* Data supplied *
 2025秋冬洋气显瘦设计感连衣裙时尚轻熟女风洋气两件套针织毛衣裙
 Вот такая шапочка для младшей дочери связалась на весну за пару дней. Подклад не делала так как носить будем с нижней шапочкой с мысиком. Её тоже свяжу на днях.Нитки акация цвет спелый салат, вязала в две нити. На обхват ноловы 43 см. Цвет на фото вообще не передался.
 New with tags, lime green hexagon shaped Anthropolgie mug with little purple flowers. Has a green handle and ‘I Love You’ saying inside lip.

---

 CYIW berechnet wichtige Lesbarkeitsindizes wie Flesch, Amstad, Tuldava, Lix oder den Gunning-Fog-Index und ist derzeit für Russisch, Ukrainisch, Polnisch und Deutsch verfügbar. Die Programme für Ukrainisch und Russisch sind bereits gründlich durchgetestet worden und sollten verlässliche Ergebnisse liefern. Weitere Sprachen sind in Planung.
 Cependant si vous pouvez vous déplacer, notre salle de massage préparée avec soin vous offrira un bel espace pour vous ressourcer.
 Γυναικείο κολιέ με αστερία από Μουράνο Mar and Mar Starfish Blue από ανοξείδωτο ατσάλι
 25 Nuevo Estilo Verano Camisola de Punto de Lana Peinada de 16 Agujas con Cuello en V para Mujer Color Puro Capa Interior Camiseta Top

* What the task asks *
Set down again, word for word, the stretch of records from the line with "Вот такая шапочка" to the line with "New with tags, lime", both of those lines included.

* Response to this task *
 Вот такая шапочка для младшей дочери связалась на весну за пару дней. Подклад не делала так как носить будем с нижней шапочкой с мысиком. Её тоже свяжу на днях.Нитки акация цвет спелый салат, вязала в две нити. На обхват ноловы 43 см. Цвет на фото вообще не передался.
 New with tags, lime green hexagon shaped Anthropolgie mug with little purple flowers. Has a green handle and ‘I Love You’ saying inside lip.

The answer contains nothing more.